Ainda assim, Trump minimizou a frustração interna em entrevistas, insistindo que as queixas económicas são exageradas e que tem estado a reconstruir a “má economia” que herdou da última administração.

O porta-voz da Casa Branca, Kush Desai, disse ao Daily Mail que o Presidente tem estado a “limpar a inflação e o desastre económico de Biden” e a cumprir um “mandato retumbante para implementar a política externa América Primeiro”, citando novos acordos comerciais, uma promessa de gastos de defesa da OTAN e o assassinato de narcoterroristas.

A Casa Branca disse que as viagens domésticas aumentarão antes das eleições intercalares.

E há contexto para as críticas: durante o primeiro mandato de Trump, ele fez apenas quatro viagens internacionais em 2017 – um ritmo muito mais lento – e durante quatro anos visitou 25 países no total.

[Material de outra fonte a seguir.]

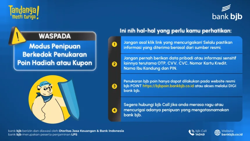 • Penukaran bjb POIN Hanya Melalui Situs Resmi, Pastikan Anda hanya melakukan penukaran melalui: https://bjbpoin.bankbjb.co.id atau melalui aplikasi bjb DIGI .Selain itu, abaikan semua link yang dikirim melalui pesan pribadi.
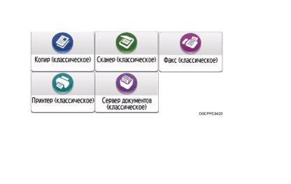 В этом аппарате стандартные функции предоставляются в виде классических приложений. Классические приложения отображаются с надписью "(Классическое)", добавленной к их названию, например "Копир (классическое)".
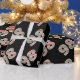 This fun and simple wrapping paper design features the number "98" having a Christmas themed green/white/red stripes pattern, on a black coloured background. Wrapping paper like this might be fun to use when wrapping gifts being given to celebrate some ninety eighth event that also happens to fall on December 25th (Christmas Day), such as somebody’s 98th birthday or a couple’s 98th wedding anniversary. [~Z0000408]

Em comparação, Biden fez 21 viagens internacionais a 28 países durante a sua presidência, inicialmente prejudicadas pela pandemia.

Trump, que atingiu 13 países em menos de um ano, sublinha agora quão dramaticamente acelerou o seu itinerário estrangeiro e porque é que os sinais de alarme estão a soar entre a sua base.

“Muitos dos altos escalões… estão sempre do outro lado do mundo”, disse Dans. ‘Por que você não fica para trás e executa parte da agenda da América? Existem apenas algumas horas em um dia.